Sorry she isn't in it, but she had her staples removed and was not a happy camper about it, sooo I didn't want to put this around her tummy today. I promise I will get pics of the the girls in them soon. This was made from a vintage popcorn gingham chenille and a vintage hankie 










Lori


----------



## catalat (Apr 21, 2008)

Wow its stunning! Your creations are by far the most beautiful I have seen.. better than most clothing in stores!


----------



## Ivy's mom (Feb 15, 2008)

Cathryn....thank soo much   

Lori


----------



## Maleighchi (Jan 6, 2008)

That is stunning! Once again you do awesome work!!


----------



## Ivy's mom (Feb 15, 2008)

Willowanne said:


> That is stunning! Once again you do awesome work!!


Thanks girl...you know I had to make one for Ivy If Willow had one also  I can't play favorites lol!!!

Lori


----------



## Maleighchi (Jan 6, 2008)

Hey..we need pics!! I haven't seen Willow and Ivy in ages. I miss your girls!!!


----------



## Ivy's mom (Feb 15, 2008)

Willowanne said:


> Hey..we need pics!! I haven't seen Willow and Ivy in ages. I miss your girls!!!

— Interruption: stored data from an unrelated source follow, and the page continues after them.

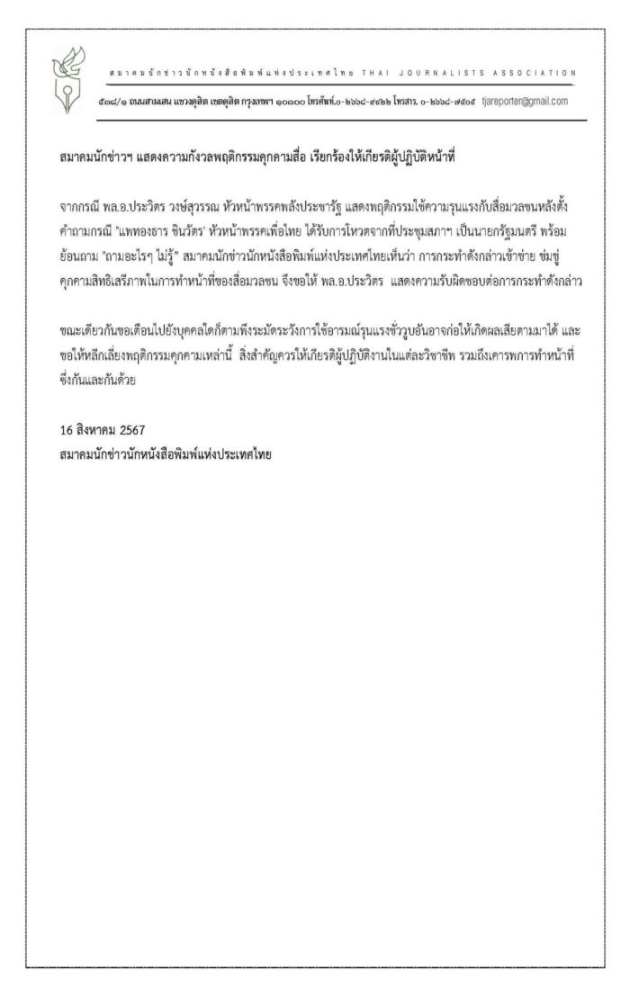 "สมาคมนักข่าวนักหนังสือพิมพ์แห่งประเทศไทยเห็นว่า การกระทำดังกล่าวเข้าข่าย ข่มขู่ คุกคามสิทธิเสรีภาพในการทำหน้าที่ของสื่อมวลชน จึงขอให้ พล.อ. ประวิตร แสดงความรับผิดชอบต่อการกระทำดังกล่าว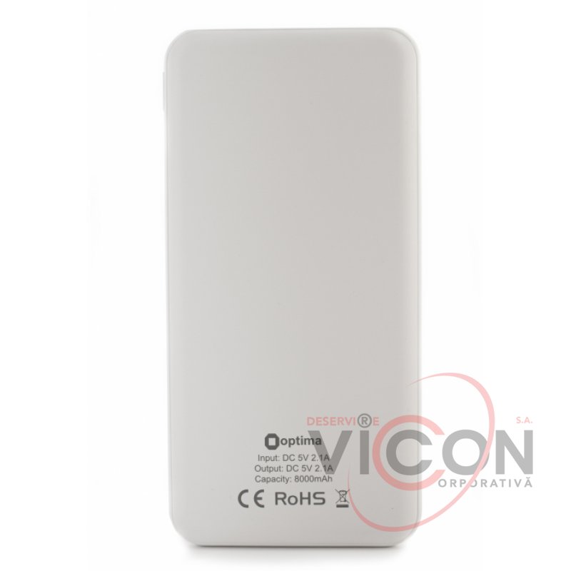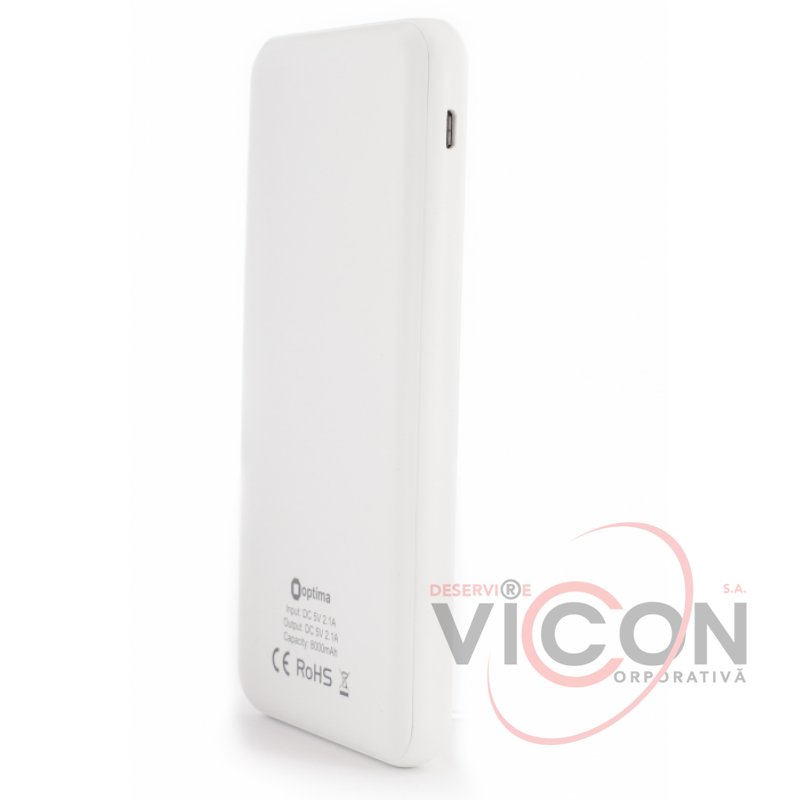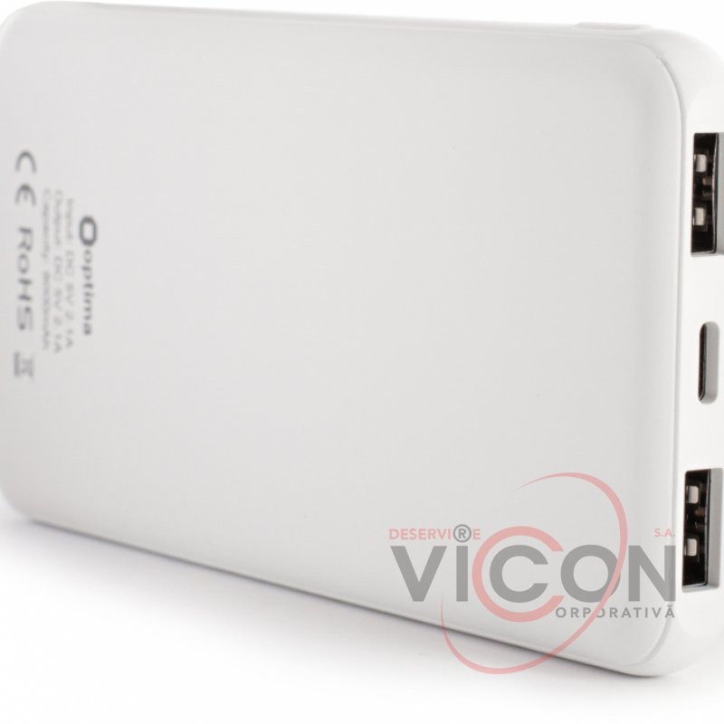 Мобильная батарея (Power Bank) Optima 4110, 8 000 mAh, 2*USB output, 5V 2.1A, цвет белый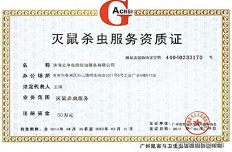 中國、珠海有害生物防治協會A級資質認證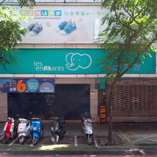Hors catégorie ! Une boutique de vêtements pour enfants, un éléphant : Les Enphants ! Un bris de mots made in Taïwan, en (pas) français dans le texte.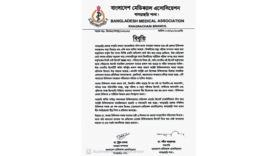 খাগড়াছড়িতে সাম্প্রতিক সহিংস ঘটনাকে কেন্দ্র করে ভিকটিমের স্বাস্থ্য পরীক্ষার গোপনীয় মেডিকেল রিপোর্ট সামাজিক যোগাযোগ মাধ্যমে ফাঁসের ঘটনায় তীব্র নিন্দা জানিয়েছে বাংলাদেশ মেডিক্যাল এসোসিয়েশন (বিএমএ) খাগড়াছড়ি...
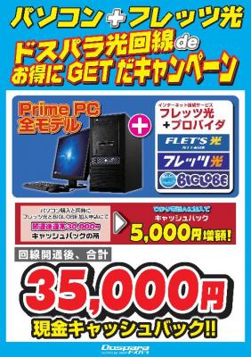 全国21店舗及びウェブ通販のパソコンショップ『ドスパラ』を運営する株式会社サードウェーブ(代表取締役 : 尾崎健介、本社 : 東京都千代田区)は、2012年5月26日(土)より、ドスパラ店舗において、パソコン購入と同時に「フレッツ光」と「BIGLOBE」を契約されると、キャッシュバック額を5千円増額して最大3万5千円をキャッシュバックする『ドスパラ光回線deお得にGETだキャンペーン』を実施いたします。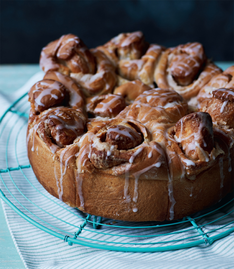 A large ‘cake’ of individual buns, each their own spiral around sweet, sticky cinnamon butter, all topped with a drizzle of icing.

I know..sooo sorry. I promise i will. I have been soo busy with them, and the kids I haven't had much time to share hee heee!!! We have been going here and there, but I think our schedule is lightening a bit soon 

Lori


----------



## ItZy BiTzY (May 15, 2008)

Gorgeous as usual! Your talent is limitless!


----------



## Janis (Jul 28, 2008)

It's amazing!!!


----------



## chihuahua_momma (Jul 30, 2008)

very nice


----------